We have a lot to think about around the link back to the authoritative copy of the work. I’ve broken out discussion of the “original” work, how we host it and we link to it, in a companion post here.
Close to our goal
That leaves us with something like:
Or maybe …. “Visit https://mysite.com/commonsphotos for original file”. On the one hand, that’s not so obviously a note to the publisher. On the other, we’re depending on the publisher to figure out – by reading our Special Instructions fields, maybe – that we’d really rather have links from the credit line.
We’re dealing with the conflicting goals for our caption as best we can. Everybody understands that anything that really must be seen has got to be in the caption. So, providers often put notes to publishers or end users in the caption. There’s no absolute right or wrong here.

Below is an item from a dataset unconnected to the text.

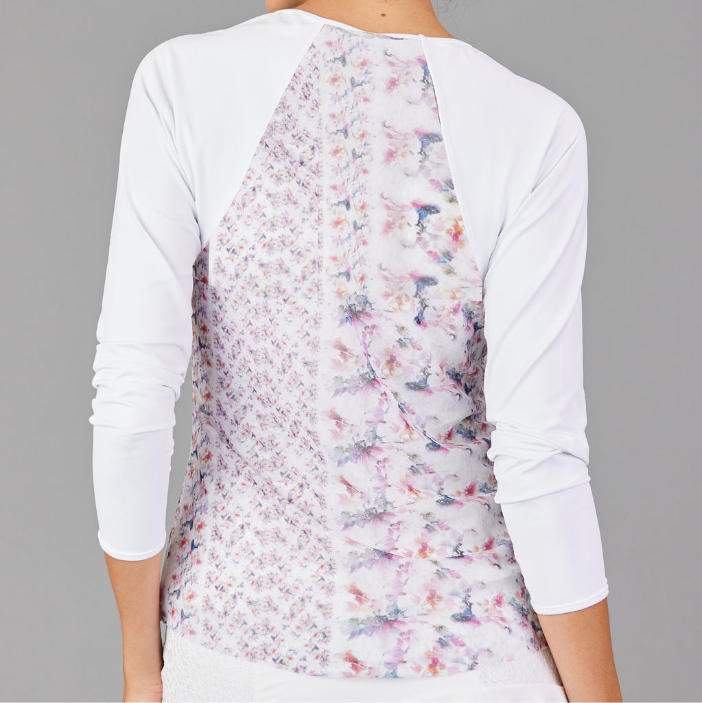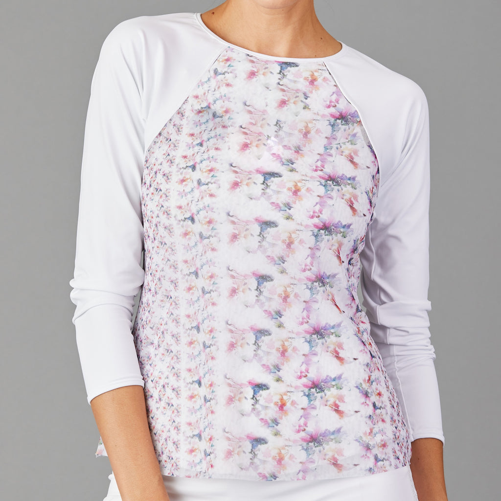 Luxuriously soft, breathable, and protective, this long sleeve top offers UPF 40+ sun coverage. A light mesh layer flows over the bodice, creating a contrasting silhouette that pairs beautifully with print skirts.

The thing to remember is that we must make our words sweet because we will one day have to eat them. Somebody is going to publish that caption with our note just as we wrote it. If we keep it tidy and professional, while not ideal, that won’t be the worst thing to happen in our lives. Keep it simple.
What can go wrong, will
Check out this example. I found this on a TV station’s website. 55 words of caption and 135 words of notes.
See what I mean. Somehow, this photo ran with the wire service’s correction and kill notice still bolted to its caption. Could be embarrassing. Not fatal, fortunately. (It is interesting that right in the correction, it asks the publisher to clean up the untidiness. Just because we ask doesn’t mean it will happen….)
Standards! Standards, I say!
In the ‘caption’ part of the caption, there are some standards we have to meet.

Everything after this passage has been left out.